Kenya Sport

Australia’s Tactical Dilemma and World Cup Highlights

The World Cup has finally caught fire. Not just on the pitch, but in the dugouts, in the press rooms and in the minds of players who know a single mistake now lives forever.

Australia’s injury blow and a tactical dilemma

Australia’s World Cup campaign took a hit before a ball is even kicked in their decisive group clash with Paraguay. Alessandro Italiano, who had quietly become one of Tony Popovic’s most important players, is set to miss out with an injury concern.

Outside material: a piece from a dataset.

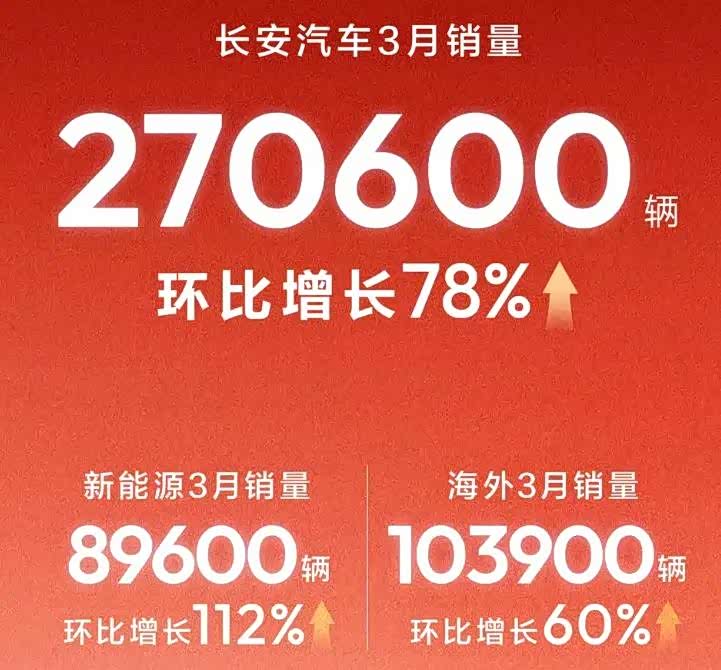 长安汽车在今年3月迎来环比增长78%的好成绩,单月销量达到270600辆。具体到各品牌,长安汽车以新能源与燃油车双线并进,长安引力序列3月销量高达103900辆,长安逸动、CS75系列月销量均2万辆。

He stepped in for Lewis Miller and never looked back. Industrious, disciplined, relentless down the right. He helped shut out Turkiye on Matchday 1, then went the full 90 against the USA. In a tournament where full-backs are often auxiliary wingers, Italiano has been Australia’s metronome on that flank.

Now Popovic has to rip up a plan that had at least given his side defensive stability.

The Socceroos paid a heavy price for their caution in Seattle. Sitting deep against the USA, they conceded twice before half-time and only came alive when Connor Metcalfe, Nestory Irankunda and Cristian Volpato were unleashed after the break. The game flipped instantly; so did the mood around the team.

Craig Foster wants that version of Australia from the first whistle against Paraguay.

Speaking to 1170 SEN Breakfast, he didn’t disguise his admiration for Popovic’s work – automatic qualification, renewed organisation, a side that’s hard to break down – but he pushed for more ambition. Foster argued the coach must inject pace early, trust the young, quick attackers and use their speed to turn half-chances into goals.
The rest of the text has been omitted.